In [1]:
import random
import numpy as np
random.seed(777)


### Toy data generation

In [2]:
# Input and Target value
data = [
    [[0, 0], [0]],
    [[0, 1], [1]],
    [[1, 0], [1]],
    [[1, 1], [0]]
]

### Environmental settings

In [3]:
iterations=5000  # Iterations
lr=0.1  # learning rate 
mo=0.4  # momentum coefficient


### Activation functions and weight matrix

In [4]:
# Sigmoid
def sigmoid(x, derivative=False):
    if (derivative == True): # Each return value when differentiating or not
        return x * (1 - x)
    return 1 / (1 + np.exp(-x))

# Hyperbolic tangent
def tanh(x, derivative=False): 
    if (derivative == True): # Each return value when differentiating or not
        return 1 - x ** 2
    return np.tanh(x)

# Function to initialize weight matrices
def makeMatrix(i, j, fill=0.0):
    mat = []
    for i in range(i):
        mat.append([fill] * j)
    return mat


In [19]:
# Run neural network
class NeuralNetwork:

    # Initialize models
    def __init__(self, num_x, num_yh, num_yo, bias=1):

        # Input(num_x), Hidden(num_yh), output(num_yo), bias
        self.num_x = num_x + bias  
        self.num_yh = num_yh
        self.num_yo = num_yo

        # Initialize activation function
        self.activation_input = [1.0] * self.num_x
        self.activation_hidden = [1.0] * self.num_yh
        self.activation_out = [1.0] * self.num_yo

        # weight matrices input
        self.weight_in = makeMatrix(self.num_x, self.num_yh)
        for i in range(self.num_x):
            for j in range(self.num_yh):
                self.weight_in[i][j] = random.random()
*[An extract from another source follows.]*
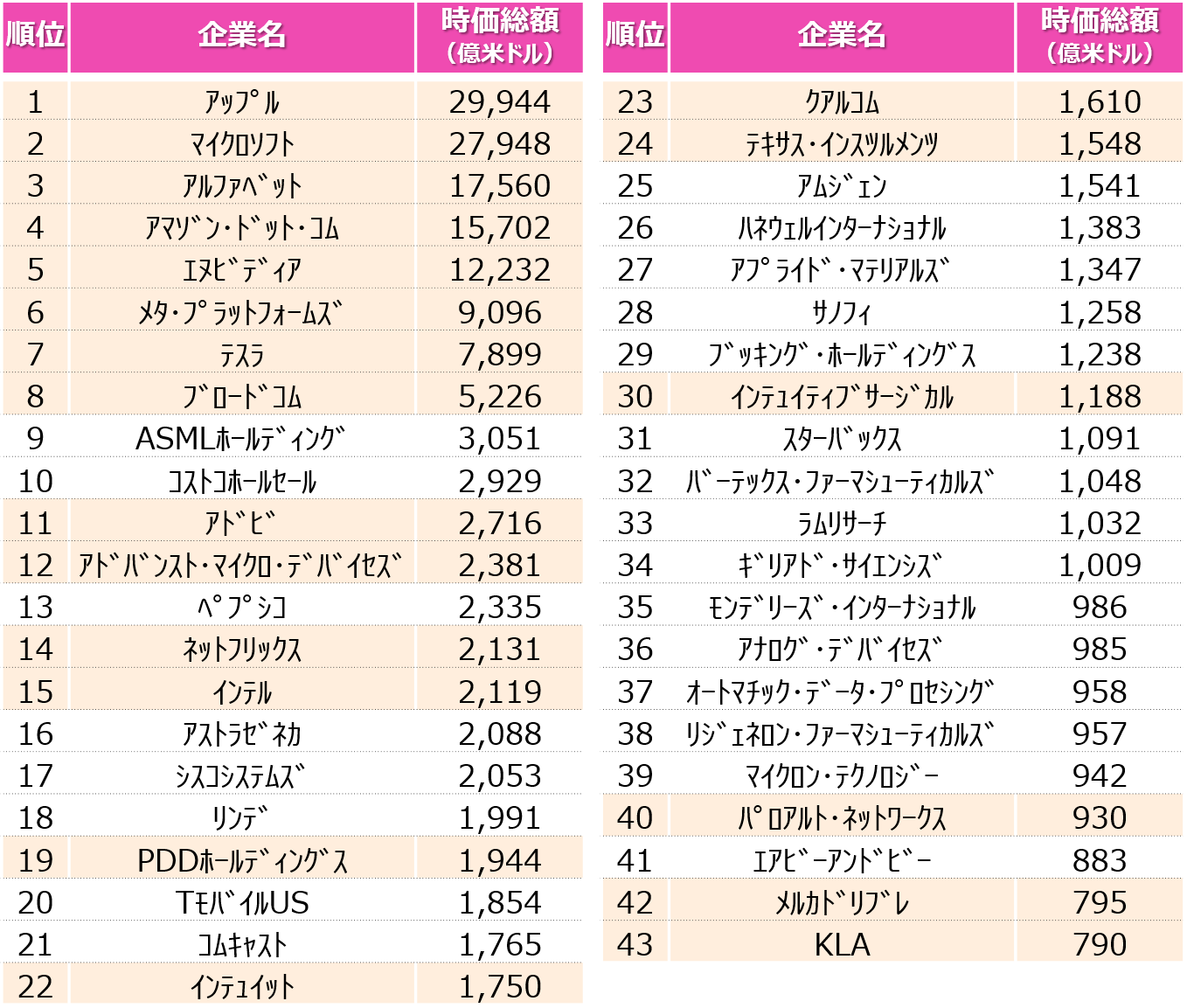 ※2023年12月29日時点、43位までを記載。ハイライトされた銘柄がFactSet US Tech Top 20指数の構成銘柄。

        # weight matrices output
        self.weight_out = makeMatrix(self.num_yh, self.num_yo)
        for j in range(self.num_yh):
            for k in range(self.num_yo):
                self.weight_out[j][k] = random.random()

        # Weighted Initial Values for Momentum SGD
        self.gradient_in = makeMatrix(self.num_x, self.num_yh)
        self.gradient_out = makeMatrix(self.num_yh, self.num_yo)

        
        
    # forward propagation 
    def update(self, inputs):

        # activation function for input layer
        for i in range(self.num_x - 1):
            self.activation_input[i] = inputs[i]

        # activation function for hidden layer
        for j in range(self.num_yh):
            sum = 0.0
            for i in range(self.num_x):
                sum = sum + self.activation_input[i] * self.weight_in[i][j]
           # selecting activation functions between sigmoid and tanh, differentiation
            self.activation_hidden[j] = sigmoid(sum, False)

        # activation function for output layer
        for k in range(self.num_yo):
            sum = 0.0
            for j in range(self.num_yh):
                sum = sum + self.activation_hidden[j] * self.weight_out[j][k]
            
            # selecting activation functions between sigmoid and tanh
            self.activation_out[k] = sigmoid(sum, False)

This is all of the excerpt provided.